Ask HN: What to use for fast uploads of GB-sized files? - yread
I&#x27;m working on a SaaS that will allow users to upload large files (I expect 100MB - 5GB). These files are hard to compress. My users will probably be sitting on very good lines - a gigabit link shared for an institution is typical. I probably don&#x27;t want to saturate the whole line.<p>I want to offer fast upload from the browser, so no sFTP&#x2F;rsync&#x2F;...<p>Does anyone have experience in this? I&#x27;ve found resumable.js and tus.io but I couldn&#x27;t find a good comparison between the two. Then there are some cloud services but with my file sizes I would have to get a second mortgage to pay for those.
======
dgarud
Try asking the network admin of your clients network to allocate a max limit -
e.g. in a 4 GBPS line, your application will get max 2 GBPS, so the files keep
uploading but your users wont feel their net is down when someone uses your
app.

------
JoachimSchipper
No experience, but note that Amazon - and presumably other cloud providers -
can allow users to upload directly to the cloud:
[https://docs.aws.amazon.com/AmazonS3/latest/dev/UsingHTTPPOS...](https://docs.aws.amazon.com/AmazonS3/latest/dev/UsingHTTPPOST.html).
S3 is not that cheap, but I'd expect uploading to the nearest Amazon
datacenter to be decently fast.

------
WhiteOwlLion
If the sending side can saturate your line, then you want to set a max.

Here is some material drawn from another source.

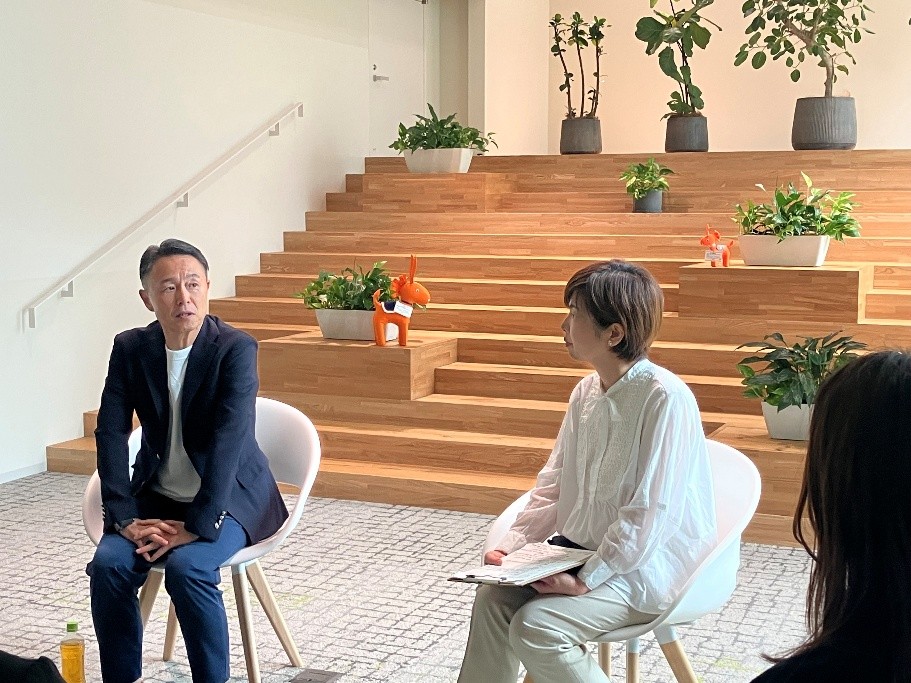 2025年8月、エーザイ本社に若年性認知症当事者様である藤島岳彦さんをお招きし、当社PR部社員との共同化を実施しました。
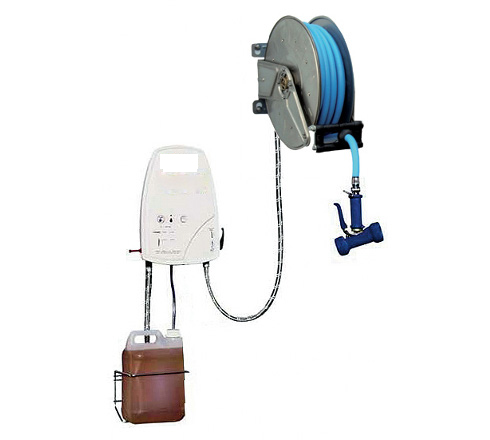 Équipé d’un système anti-pollution, d'un pistolet antichoc ainsi que d'un support en acier inoxydable pour bidon rectangulaire de 5 litres.

Some
providers offer bursting where you can exceed your max for a short period of
time. You can inquire about that. I know some people drop the connection and
re-initiate so they can use burst bandwidth for the entire upload.

------
floatboth
tus is a well defined protocol with a couple reference implementations of the
server part. resumable just says "This should be a fairly simple task" and a
small description of the "protocol"…